Die erneute Inhaftierung von Fariba Adelkhah erfolgte nach Angaben des französischen Außenministeriums ohne jegliche Begründung iranischer Stellen und ohne Vorankündigung. Nach Angaben des Unterstützungskomitees der Wissenschaftlerin in Paris wurde Adelkhah ins berüchtigte Evin-Gefängnis am nördlichen Stadtrand von Teheran gebracht.

Die Anthropologin vom renommierten Pariser Institut für politische Studien besitzt neben der französischen auch die iranische Staatsangehörigkeit.

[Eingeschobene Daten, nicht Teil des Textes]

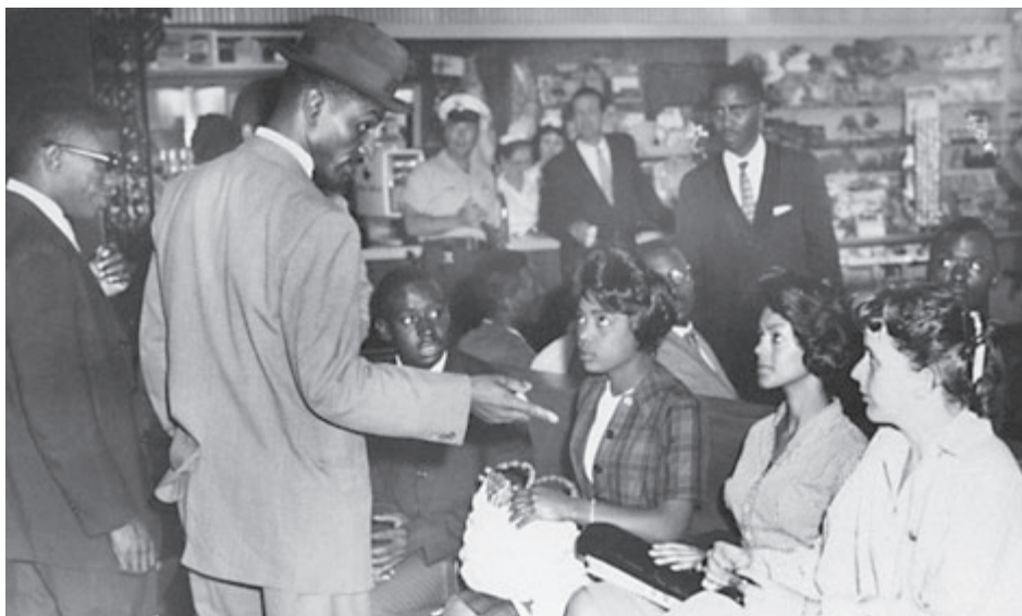
SWP acts on fact of disproportionate weight, in numbers and combativity, of workers who are African-American in vanguard of social and political battles. Fred Shuttlesworth (pointing), leader in movement for Black rights that smashed Jim Crow, talks with Freedom Riders released from jail in Alabama in "whites only" section of Birmingham bus station, May 17, 1961.

That's the opposite of the class-divided character of education under capitalism, where schools for the ruling families and better-off middle layers prepare them to maintain their privileges. But for the big working-class majority, Barnes said, our lives are a cycle divided into being a child, the time we "learn" (above all to be obedient to a boss); then
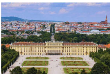
Schönbrunn Palace, a former imperial summer residence

Explore famous Vienna on an amazing stopover tour, beginning with a visit to Schönbrunn Palace. You next have a choice to visit Hallstatt in the beautiful alpine regions of Salzkammergut, or Bratislava, the beautiful capital city of Slovakia. This journey offers a blend of historic Austrian landmarks, authentic culture and stunning Austrian Alps scenery. This is your chance to relax in delightful Viennese cafes and taste flavorful Vienna coffee, pastry, pancakes and regional sausages.
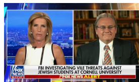
FOX: The Ingraham Angle
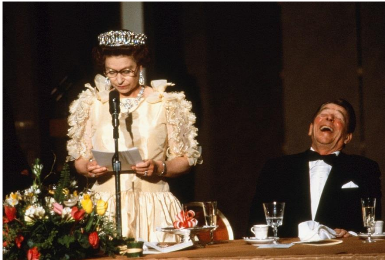
President Ronald Reagan laughs at a joke told by Queen Elizabeth II at a state dinner held in her honor at the M.H. de Young Museum in San Francisco, California, on March 3, 1983.

On view June 23 - August 7, 2016 Opening Reception and Panel Discussion on Thursday, June 23, 5:00 – 7:00 pm
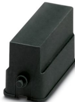
Protective cover for sleeve housing, IP54

Please be informed that the data shown in this PDF document is generated from our online catalog. Please find the complete data in the user documentation. Our general terms of use for downloads are valid.
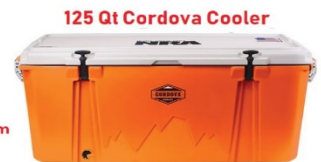
125 Qt Cordova Cooler

We are running a pre-event raffle that is winner take all for 8 Guns and a 125 Qt Cooler. You don’t have to be present to win and we will sell no more than 300 Tickets. So, even if you can’t make it this year, you can still take a chance on almost $6000 in prizes and support your favorite cause. Tickets for the pre-event are $50. You can order your them with the enclosed order form or online at www.gcfnra.org
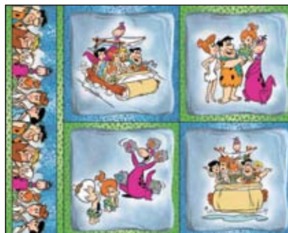
25663-B 1 Panel
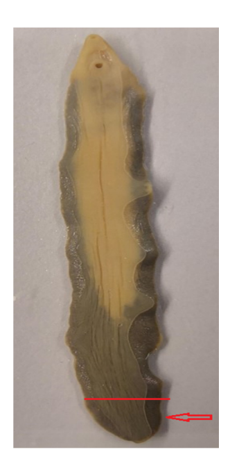
Figure 1. Morphology of an adult Fasciola gigantica fluke. The red line shows the area where the incision of the helminth was performed, and the red arrow indicates the posterior body part that was used for molecular analysis and MALDI-TOF MS.

supernatant discarded. The pellet was resuspended in 50 \mu L of 70% formic acid and 50 \mu L of acetonitrile and mixed by vortexing. Of note, we also employed additional steps, including the use of Zirconium beads, during the development of our helminth extraction protocol, but did not observe differences in the obtained spectral profile. Hence, we decided not to use beads to reduce the working steps and the hands-on time per sample.
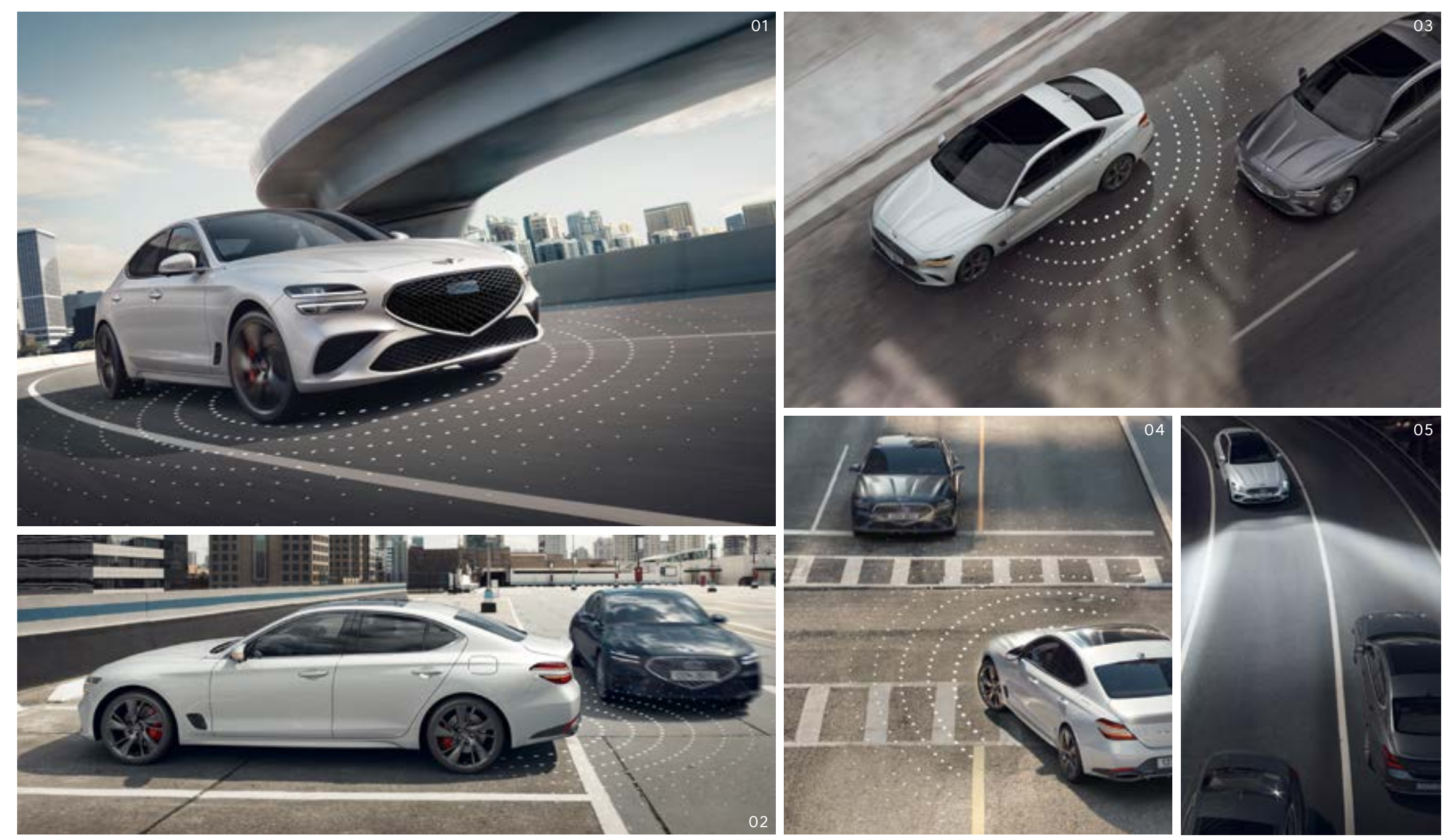
Non-U.S. models with optional features shown

Backing out of a parking space and wondering if it's safe? The new G70 comes equipped with sensors that help detect vehicles approaching from the side while exiting a parking space in reverse gear. If necessary, emergency braking is applied to help avoid a collision with cross traffic from the rear.<sup>12</sup>
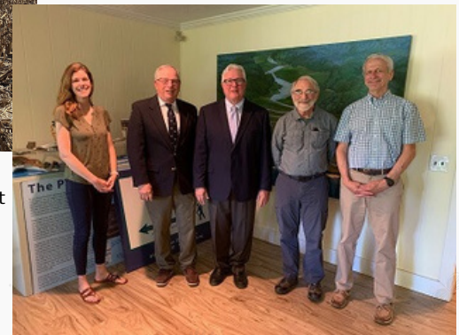
Settlement of easement on the Yoe property in Calvert County, now owned by American Chestnut Land Trust and soon to be open to the public
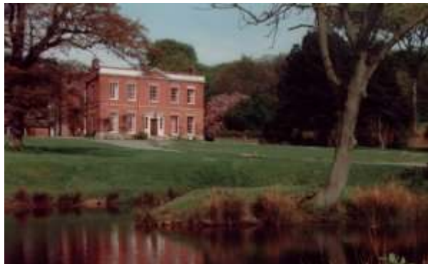
Rivington Hall and grounds

Rivington Hall is an imposing Georgian fronted house and provides a beautiful backdrop for your photographs.
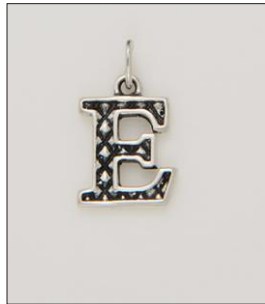
CH170698AT WT: 1.12 gm
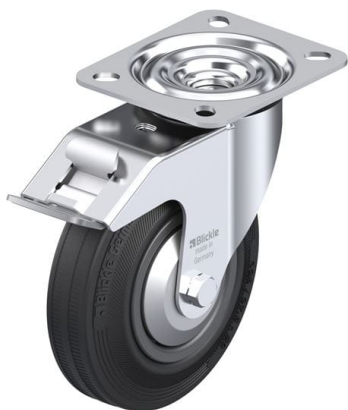
Corresponding standard locking LE-VPP 125R-FI-FA
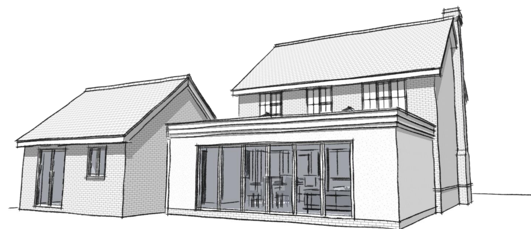
Proposed Exterior Visualisations
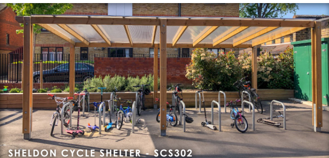
SHELDON CYCLE SHELTER - SCS302
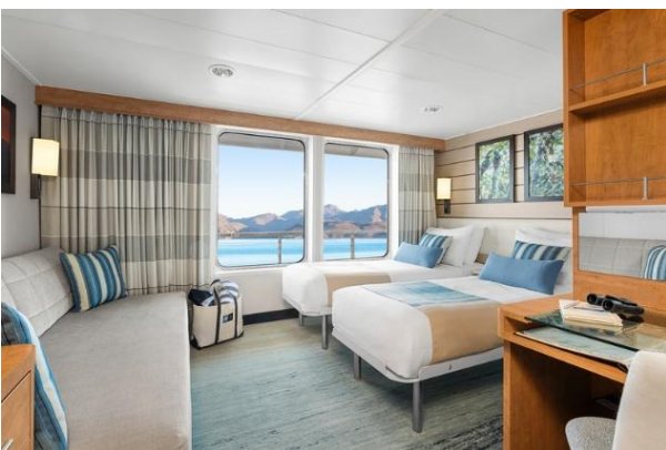
CATEGORY 5 Suite – Observation Deck
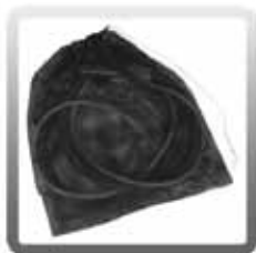
80-0510 Black Mesh Utility Bag (24 x 36)
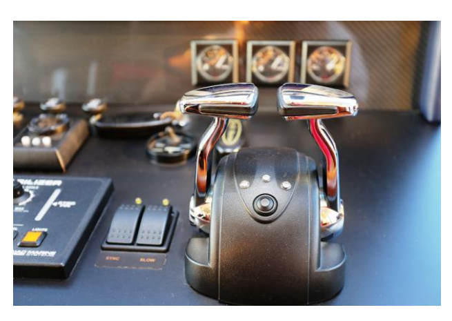
Pacific Mariner Pilothouse
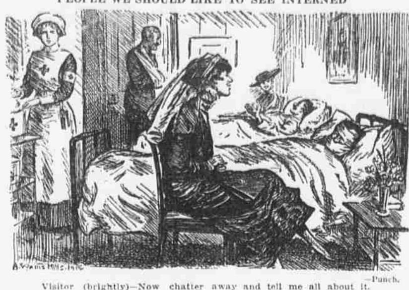
Visitor (brightly)—Now chatter away and tell me all about it.
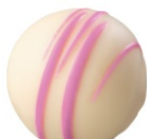
White Strawberry Truffle White chocolate with strawberry flavoured white ganache D, S, A
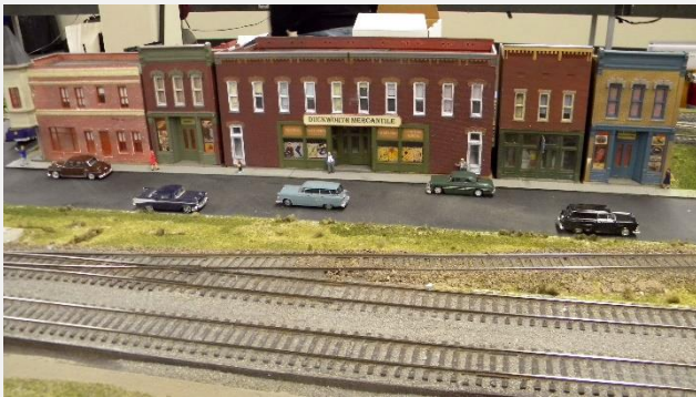
Small town busy street

Adelkhah war zusammen mit ihrem Kollegen und Lebensgefährten Roland Marchal im Juni 2019 am Flughafen von Teheran festgenommen worden.

Lebensgefährte frei, Adelkhah inhaftiert

Der heute 64-jährige Marchal kam im Zuge eines Gefangenenaustauschs zwischen Paris und Teheran im März 2020 frei. Adelkhah musste in Haft bleiben.

Im Dezember 2019 trat sie mit einer anderen inhaftierten Forscherin, der Australierin Kylie Moore-Gilbert, in einen Hungerstreik. Im Januar teilte ihr Anwalt mit, dass die Anklage wegen Spionage und Verstoß gegen die öffentliche Ordnung fallen gelassen worden sei.

Die heute 62-Jährige wurde im Mai 2020 aber trotzdem wegen „Propaganda gegen das System“ und „Verschwörung gegen die nationale Sicherheit“ zu  fünf Jahren Haft verurteilt. Im Oktober 2020 hatte sie jedoch in den Hausarrest wechseln können, wo sie seither mit einer elektronischen Fußfessel überwacht wurde.

Scharfer Protest aus Paris

Die französische Regierung reagierte empört auf die erneute Inhaftierung der Forscherin. Der Sprecher des Außenministeriums bezeichnete das Vorgehen des Iran als „rein politisch und willkürlich“. Die abermalige Inhaftierung könne sich „nur negativ“ auf die Beziehungen auswirken.

Eine Forderung von Frankreichs Präsident Emmanuel Macron, Adelkhah sofort freizulassen, war vom Außenministerium in Teheran schon früher zurückgewiesen geworden. Zugleich warf der Iran Frankreich Einmischungen in seine inneren Angelegenheiten vor.